I want to tell you something. When I looked at those saints coming through the line, I knew why Calvary Baptist Church is the church it is. It's not because it's had famous pastors. It's not because it's had wonderful deacons. It's because the people of that

church are committed to it. The people who call themselves members of Calvary Baptist Church are committed to its growth, committed to truth, committed to work, and are willing to lay down whatever price it takes so that Jesus Christ can touch northern Kentucky through the ministry of that community.
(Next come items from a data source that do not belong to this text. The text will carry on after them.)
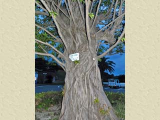 駐車場の中央に立つ姿に圧倒され、編み目のように絡み合う幹(気根?)は、「絞め殺し木」とも呼ばれる程で、始めてみる人は、その姿に驚くことであろう。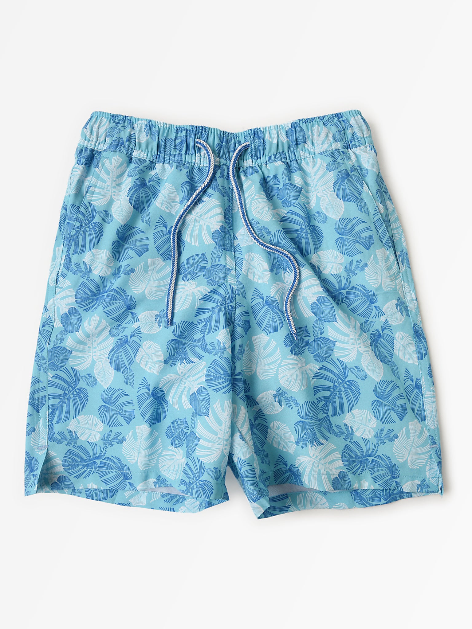 Youth Collection Boys' Linework Monstera Swim Trunk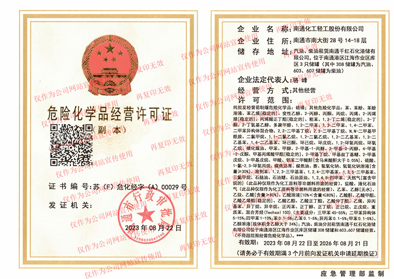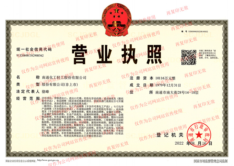 南通化工輕工股份有限公司成立于1963年7月1日, 1997年改制為股份有限公司,注冊資本10116萬元。公司自1963年成立以來,始終堅持“誠信為本”的商信文化,向海內外廣大供應商按時足額履行付款、向廣大客戶按時按質按量按價履行供貨、向金融機構按時足額履行還款等,在商界享有很高聲譽。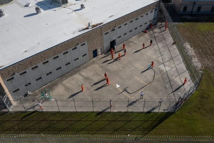 This aerial view taken on September 9, 2025 shows inmates in the yard at the Folkston Immigration and Customs Enforcement (ICE) Processing Center in Folkston, Georgia.

There are skeptics who say that you can't have churches

like that anymore. I hope they're wrong. And from what I see in the lives of some of you, I'm encouraged to believe the skeptics are wrong because I see the same kind of commitment from young and old in Grace Church, Roseville. This morning I want to call all of us to that commitment. It's not enough that some be committed. We must all who name the name of Christ, who say we are the bride of Christ, it is for all of us to be committed to Him and to the

church that He loves. Let's pray. Would you stand with me please? I hope this morning that you sense in your heart a drawing of the Spirit of God to commitment so that you no longer are willing to stand on the sidelines if that's the case. You want to get into it. I hope that you sense a drawing to commitment so that as you are committed, others will join you. And together with each individual part, properly working, this body of Jesus

Christ too will be built up in love. Let's sing from our hearts.